The patients’ overall survival, relapse-free survival, and distal metastasis survival rate was based on Notch3 and GSK3β expression levels, and automatically drawn by the database website’s software for Kaplan-Meier plots from the Kaplan–Meier Plotter (http://kmplot.com; accessed on 1 April 2022). The entire analysis process was performed in strict accordance with the site’s instructions. The Breast Cancer Gene-Expression Miner v4.7 database (http://bcgenex.centregauducheau.fr/BC-GEM/GEM-requete.php; accessed on 1 April 2022) was used to explore the relationship, at the DNA level, between Notch 3 and GSK3β.

2.13. Statistical Analysis

Statistical analysis involved the use of SPSS 19.0 (SPSS Inc., Chicago, IL, USA). Differences between variables were assessed by χ2 analysis or two-tailed Student’s t-test. Data are presented as the mean ± standard error of the mean (SEM) unless otherwise indicated. Two-sided p < 0.05 was considered statistically significant. Each experiment was done at least in triplicate.

3. Results

3.1. Elevated Expression of Notch 3 and GSK3β Correlated with a Luminal Subtype in Breast Cancer Cell Lines

We first performed an extensive analysis of the Breast Cancer Gene-Expression Miner v4.7 database to explore the relationship between Notch 3 and GSK3β. We found that Notch3 was highly correlated with GSK3β at the DNA level (r = 0.15, p < 0.0001; Figure 1A,B). To further investigate the association of Notch3 and GSK3β in breast cancer, we evaluated the protein and mRNA expression levels of GSK3β in MCF-7 and MDA-MB-231 cell lines with high and low expression of Notch3. Interestingly, GSK3β expression paralleled Notch3 expression, with high levels observed in MCF-7 cells and nearly absent levels in MDA-MB-231 cells (Figure 1C,D). To further explore Notch3 and GSK3βexpression, we performed immunofluorescence staining and as shown in Figure 1E, Notch3 and GSK3β were co-expressed in luminal breast cancer cell lines MCF-7 and T-47D.
Figure 1

Notch3 is expressed in the luminal subtype and modulates GSK3β expression in breast cancer cell lines. (A): Heat map representing the correlation of DNA microarrays of GSK3β and Notch1–4, which was obtained from Breast Cancer Gene−Expression Miner v4.7. (B): A significant positive correlation existed between Notch3 and GSK3β. The correlation coefficient was r = 0.15, p < 0.0001. (C): Notch3 and GSK3β expression in distinct subtypes of breast cancer cell lines detected by western blotting. (D): Expression of Notch3 and GSK3β mRNA analyzed by RT–PCR in breast cancer cell lines. (E): Immunofluorescence staining of GSK3β and Notch3 in MCF-7 and T-47D cells. Nuclei were counterstained with DAPI. The scale bar represents 50 μm. ** p < 0.01.

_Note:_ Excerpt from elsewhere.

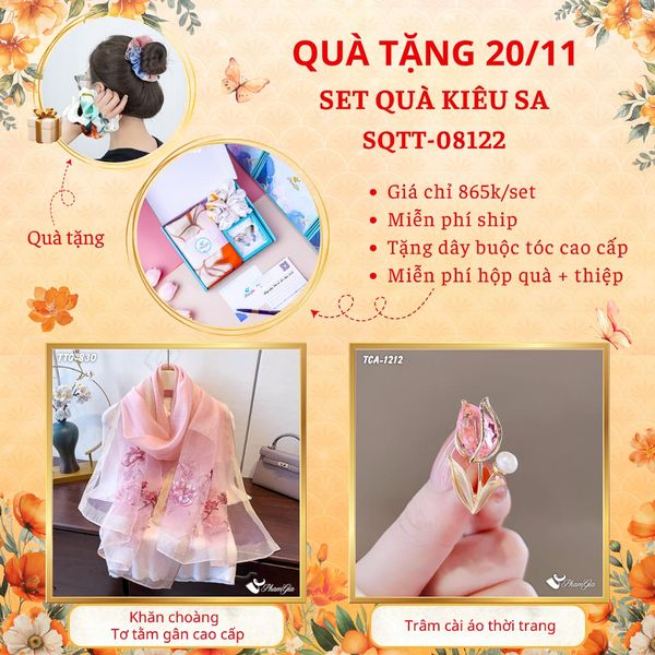 Kết hợp khăn choàng tơ tằm gân và ghim cài áo với thiết kế ấn tượng và sang trọng, Set Quà Tặng Kiêu Sa là sự lựa chọn lý tưởng cho các dịp sinh nhật, lễ tết, 20/11, 20/10, 8/3 và các dịp đặc biệt trong năm. Mỗi món phụ kiện được tuyển chọn kỹ lưỡng, đảm bảo chất lượng và sự tinh tế, ấn tượng để gửi tặng người thân, bạn bè, nhân viên, khách hàng, đối tác...

3.2. Ectopic Notch3 Induces GSK3β Expression and Inhibits EMT in Human Breast Cancer Cells

Increasing evidence shows that GSK3β is an EMT suppressor and has been found to regulate Notch1 and Notch2 expression. We investigated whether crosstalk existed between Notch3 and GSK3β in the progression of EMT in breast cancer. We found that the protein level of GSK3β increased in overexpressed-N3ICD MDA-MB-231 cells but decreased in Notch3-knockdown MCF-7 cells (Figure 2B,E). Similarly, quantitative real-time PCR showed that the GSK3β mRNA level was consistent with the protein level detected by a western blot (Figure 2A,D).
Figure 2

Ectopic Notch3 induces GSK3β expression and inhibits epithelial–mesenchymal transition (A): MCF-7 cells were transiently transfected with small interfering (si) RNA of Notch3 or vehicle (control). After 48 h, quantitative reverse transcription (qRT)–PCR was used to assess the mRNA levels of Notch3 and GSK3β. (B,C): Protein levels of Notch3, E-cadherin, and vimentin in MCF-7 cells transfected with siRNA-negative control (NC) or siRNA-Notch3 after 48 h were measured by western blotting. (D): MDA-MB-231cells were transiently transfected with pCLE-Notch 3 intracellular domain (N3ICD) or pCLE vehicle (control). After 48 h, qRT–PCR was used to assess the mRNA levels of Notch3 and GSK3β. (E,F): Protein levels of Notch3, E-cadherin, and vimentin in MDA-MB-231 cells transfected with pCLE-N3ICD or vehicle (control) after 48 h were measured by western blotting. (G): Immunofluorescence staining of GSK3β and Notch3 in MCF-7 and T-47D cells treated with control siRNA or siNotch3. Nuclei were counterstained with DAPI. The scale bar represents 50 μm.* p < 0.05, *** p < 0.001.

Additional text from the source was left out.